What to work on: Your answer must be an exact repeat of the lines from the one containing "A construction worker" through the last line of the records, both included, with no pictures.

Data to process:
Content starts

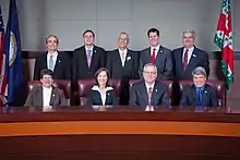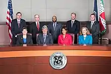 In November 2011, Republicans were elected to all nine seats on the Board.[15] Over the course of the four-year term, three supervisors served as the Vice-Chair: Janet Clarke (Blue Ridge), Shawn Williams (Broad Run), and Ralph Buona (Ashburn). Clarke was elected Vice-Chair on January 3, 2012, and served until December 31, 2012, choosing not to hold the position a second year.[16] On January 2, 2013, Williams was elected to serve as the next Vice-Chair,[17] a position he held until March 2015. Williams resigned the Vice-Chair post on March 16, 2015, after a 2006 arrest for assault in Ocean City, Maryland resurfaced.[18] Two days later, on March 18, 2015, the Board elected Buona as the new Vice-Chair,[19] a position he held through the remainder of the term. On September 6, 2015, Shawn Williams, the Broad Run District Supervisor, resigned his supervisor position after being arrested for simple assault and unlawful entry earlier that day.[20] The Board appointed Jim Bonfils to fill the Broad Run District seat on September 21, 2015,[21] from a list of 13 applicants (including former Broad Run District Supervisors Steve Stockman, David McWatters, and Chuck Harris).[22] Bonfils was sworn in on September 22, 2015,[23] and served out the remaining 101 days of the term.
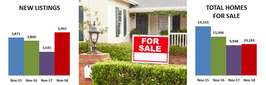 This is the shift we have been waiting for, but we still have a long way to go to get to a balanced market. The red line on the chart below shows a balanced market at 6 months supply of inventory. At 2.1 months for November, it was 10.5% over November 2017 but still low. The previous 3 months were holding steady with last year.
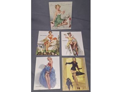 673 Five Ink Blotter Pin-Up Prints Signed by Various Artists 3x4in
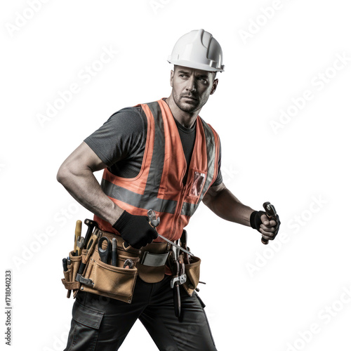 A construction worker in protective gear, holding a wrench and wearing a safety vest with reflective stripes.
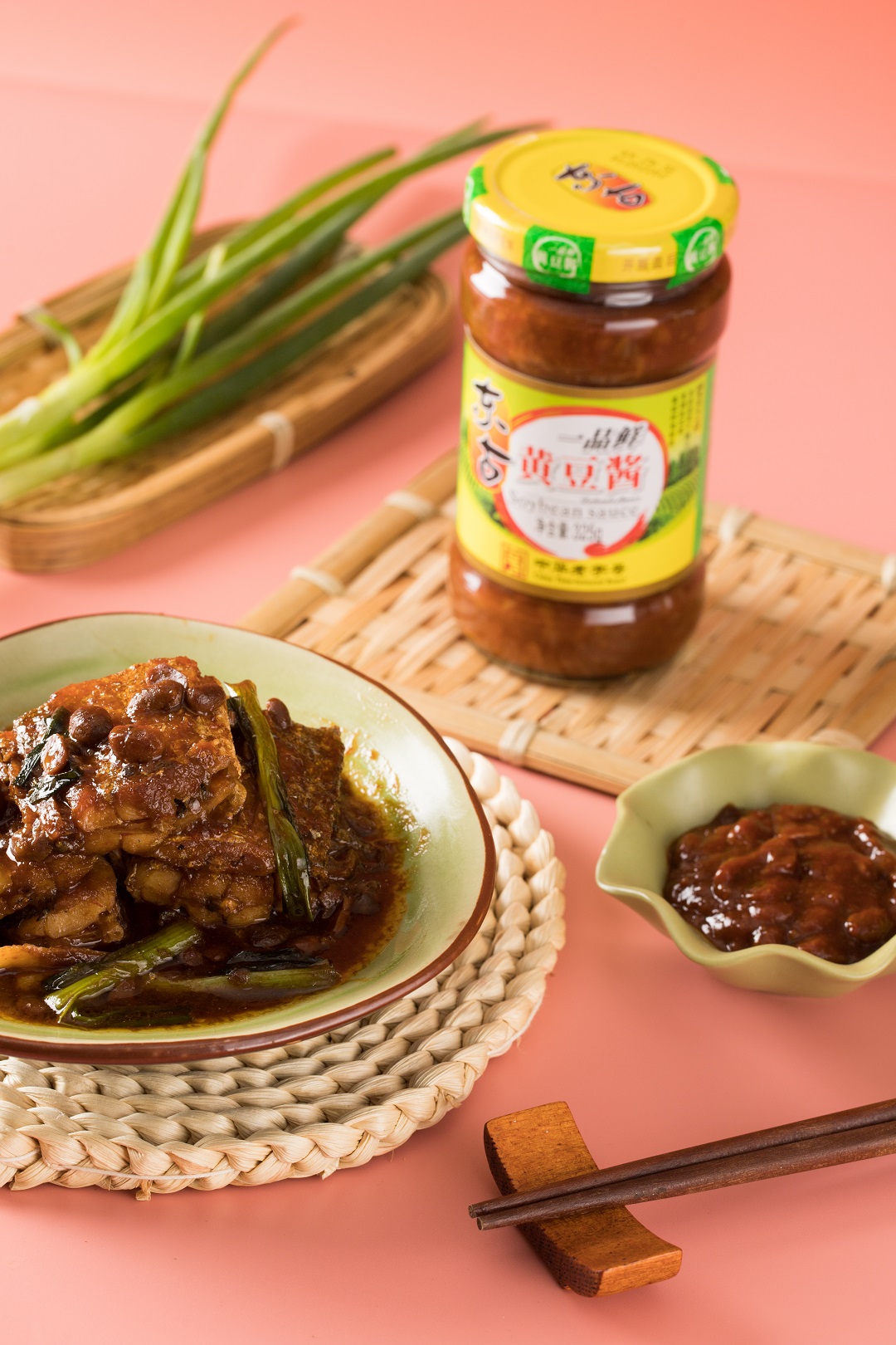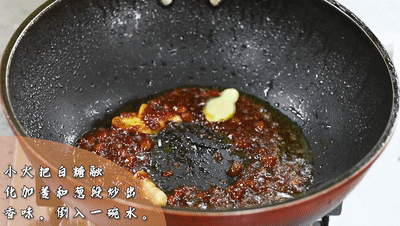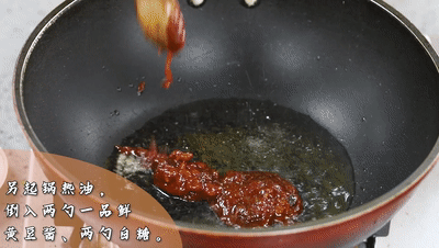 另起鍋熱油,倒入兩勺東古一品鮮黃豆醬、兩勺白糖,小火把白糖融化掉

Content ends

Task response:
 A construction worker in protective gear, holding a wrench and wearing a safety vest with reflective stripes.
 另起鍋熱油,倒入兩勺東古一品鮮黃豆醬、兩勺白糖,小火把白糖融化掉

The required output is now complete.